The airplane trip back to the U.S. took 15 hours, and there were approximately 60 Chinese girls under the age of 15 months and their new American parents aboard the jet. That left the business travelers "deflated," Roedder told his audience. He said he had been without sleep for about 33 hours by the time the plane landed in St. Louis, and he called it a "brutal" flight and one of the most tiring times in his life. But he purchased a seat for Emma between him and his brother, and she was able to rest there occasionally, he said. Many other parents had to hold their child for the entire journey home.
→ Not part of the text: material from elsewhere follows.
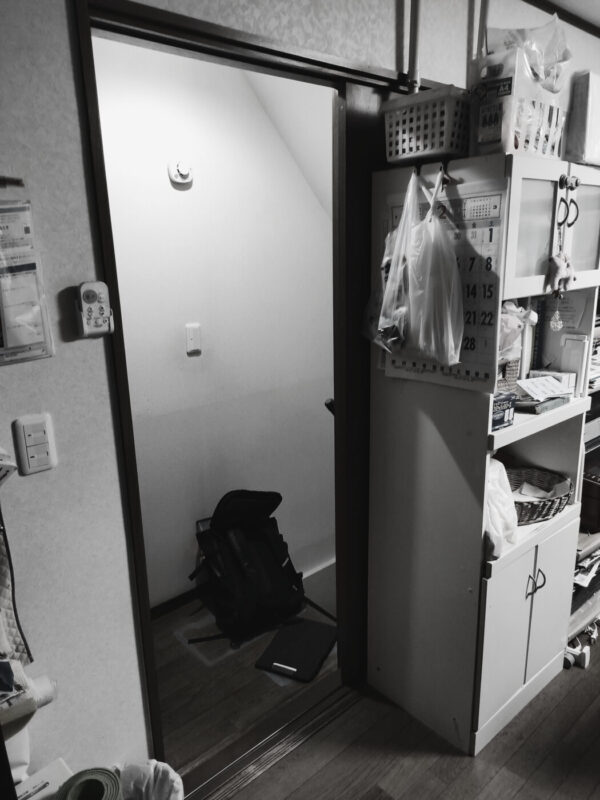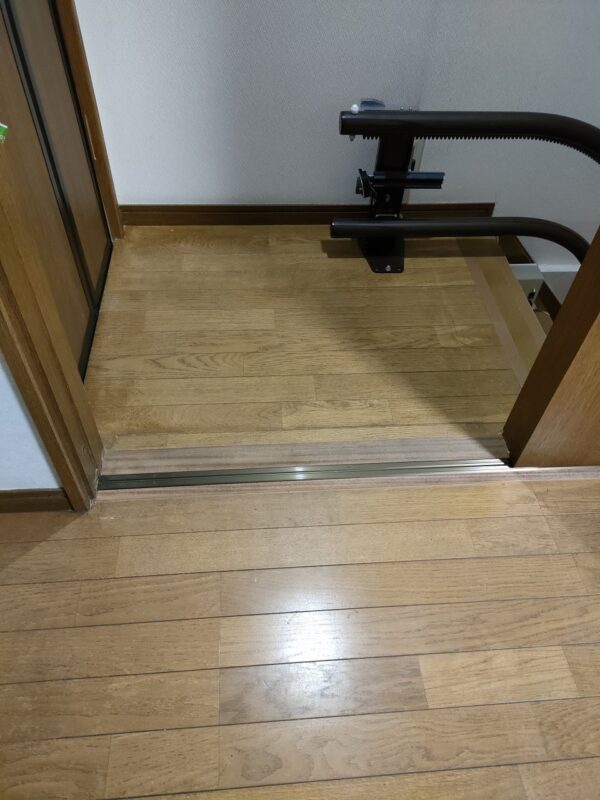 ご自宅での生活では、トイレ前に踊り場を挟んですぐ階段があるため転落の危険がありました。さらに、トイレへ行くまでには出入口を含め2カ所の段差があり、またぎ動作が難しいご本人にとって大きな負担となっていました。加えて外開きドアは前方の障害物に当たり、扉が開ききらず、出入りや介助の妨げとなっていました。
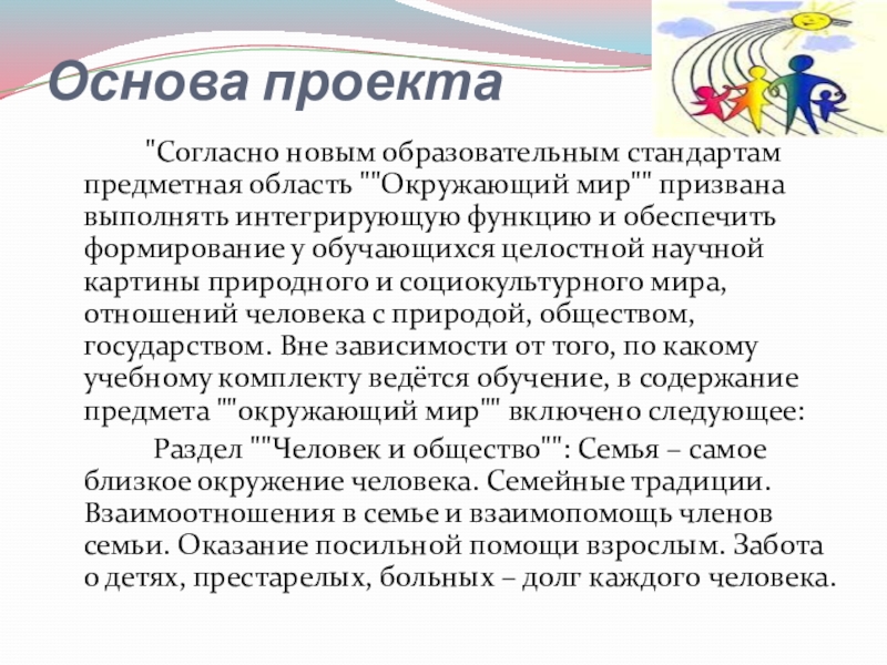 Раздел ""Человек и общество"": Семья – самое близкое окружение человека. Семейные традиции. Взаимоотношения в семье и взаимопомощь членов семьи. Оказание посильной помощи взрослым. Забота о детях, престарелых, больных – долг каждого человека.

The length of the trip is about right, as is the number of kids on the plane.  The condition of the business travellers?  Well, not my problem.  The trip for us was about 24 hours, and you're jet lagged and tired and just want to go home.  Anything longer depends on layovers and whatnot, but you should have known that before you left and made allowances for it. Likewise, you buy a cheap seat for the kid on the way back, because it's the only sane thing to do.

He described the Chinese-made vehicles he encountered--some were very short and small--and spoke of the need to boil all water for human consumption.

Pretty much true.

The speaker discussed China's laws governing how many children (and what sex they can be) parents are allowed to have.

How many is regulated.  Which sex is not.